English I HN is an honors level course.  This course is also available in the Program of Studies at the College Preparatory level.  Students earning credit for an Honors level course receive an elevated number of Quality Points for their Grade Point Average.  Students choosing the Honors level course should be aware that this Honors level course will include:

  • Required extension opportunities that are directly related to the Standard Course of Study. This includes additional content beyond that covered in the College Preparatory level.
  • More challenging coursework and assessments.  Students will be expected to demonstrate higher levels of understanding for grades.
  • Projects and presentations will be more in depth.  
  • Students will have to focus and study regularly to master the content. 
  • The expectation that students can move through the coursework at an accelerated pace and students experiencing difficulty should quickly seek guidance from their teacher on how they can be more successful.

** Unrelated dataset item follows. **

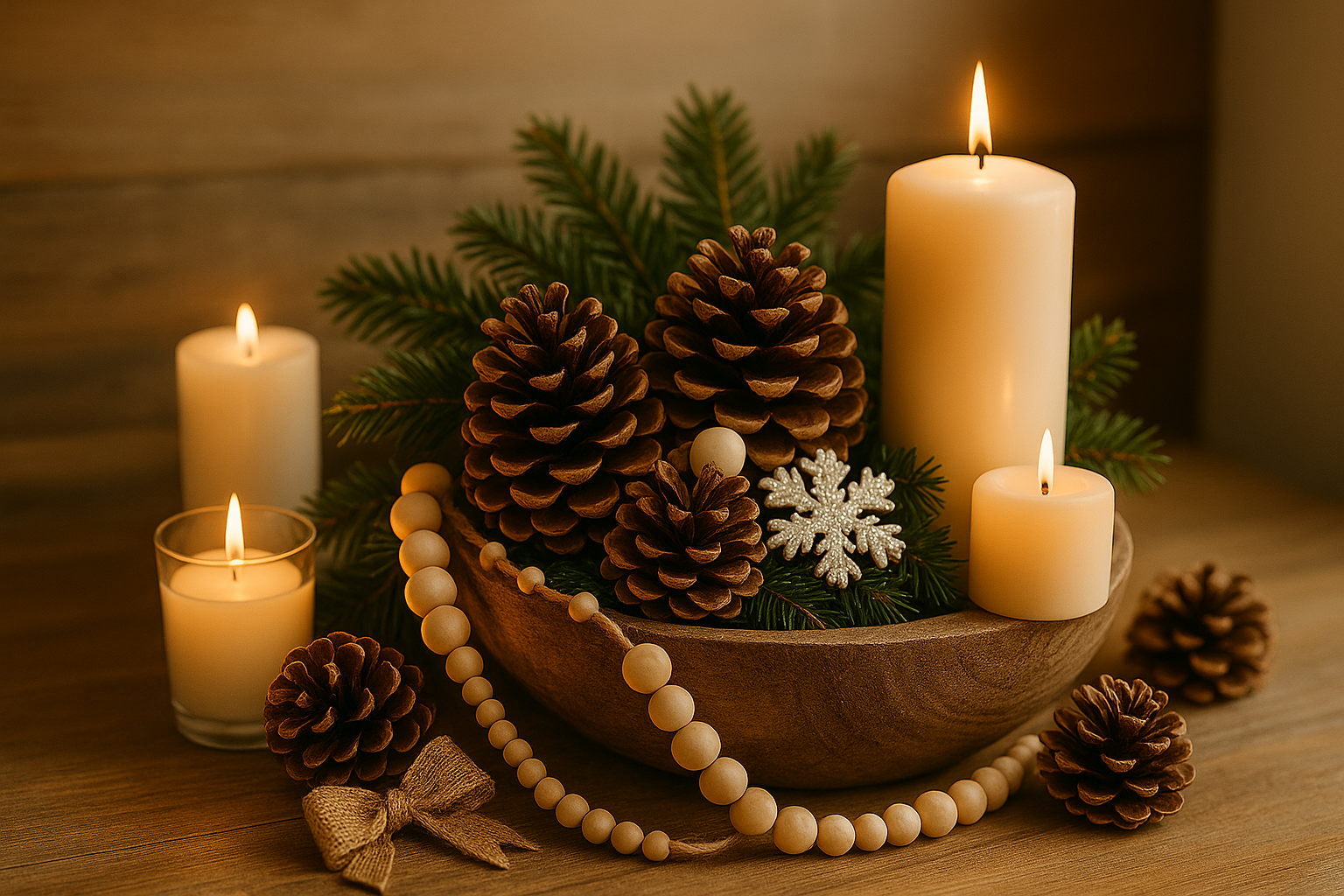 Avec les tendances 2025 — luxe accessible, bois naturel, lumière blanc chaud, mini villages, textile chalet, rustique chic, bas décoratifs, couronnes volumineuses, pots lumineux d’ambiance et mini sapins — tu peux créer un décor de Noël spectaculaire, riche, chaleureux et d’apparence professionnelle, sans jamais dépasser ton budget.
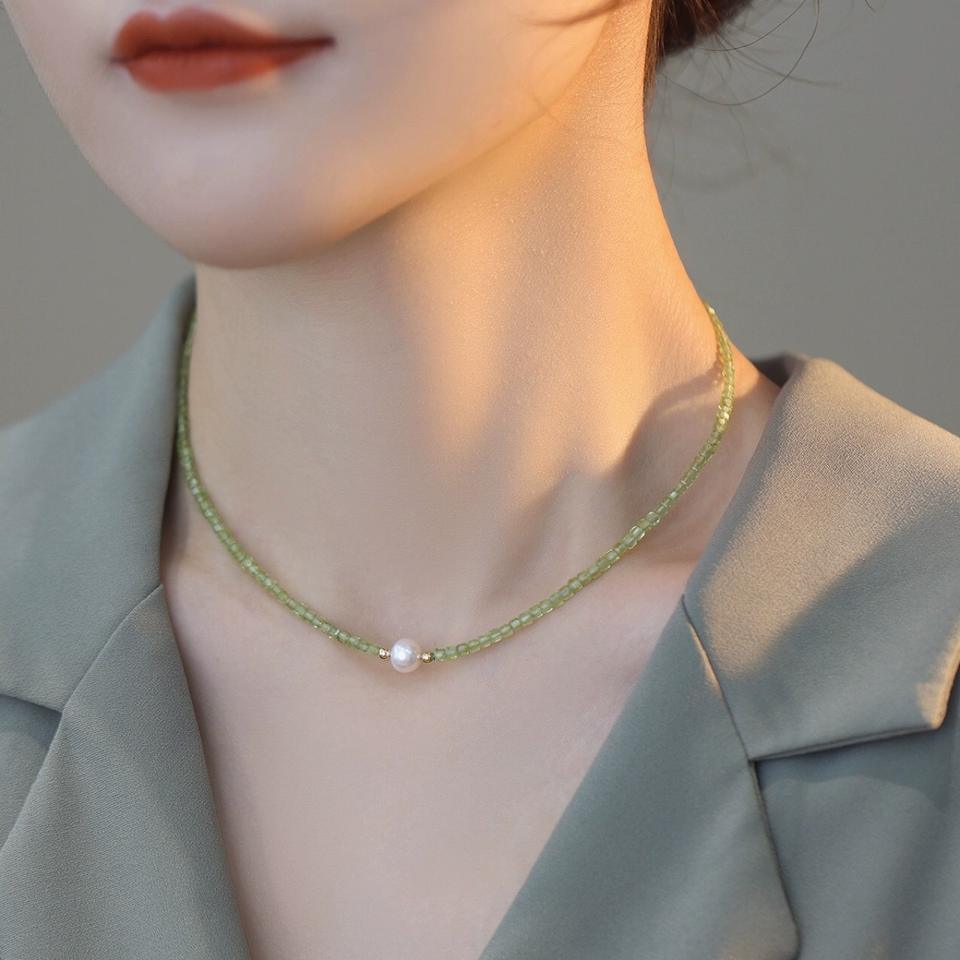 Emerald Olivine Freshwater Pearl Necklace Light Luxury Retro Style Niche Pendant Collarbone Chain Simple Versatile for Women

Below is a sample of how the Honors level objectives and assignments may differ from those in the College Preparatory level:

HONORS level objective

COLLEGE PREP level objective

Honors English I: Students will be able to analyze why the full presentation of an antagonist might make the reader react more sympathetically than they otherwise thought.

College Prep English I: Students will be able to identify and analyze how Inspector Javert serves as a foil to Jean Valjean.

HONORS level assignment

COLLEGE PREP level assignment

Honors English I: Read the following soliloquy with the close reading method. Identify and analyze the tones, then respond to the prompt in a well-planned constructed response that explains the development of the tone.

College Prep English I: Read the following soliloquy and answer the short answer questions. Circle the words that identify the given tone, then respond to the prompt in a well-planned constructed response that explains the development of the tone.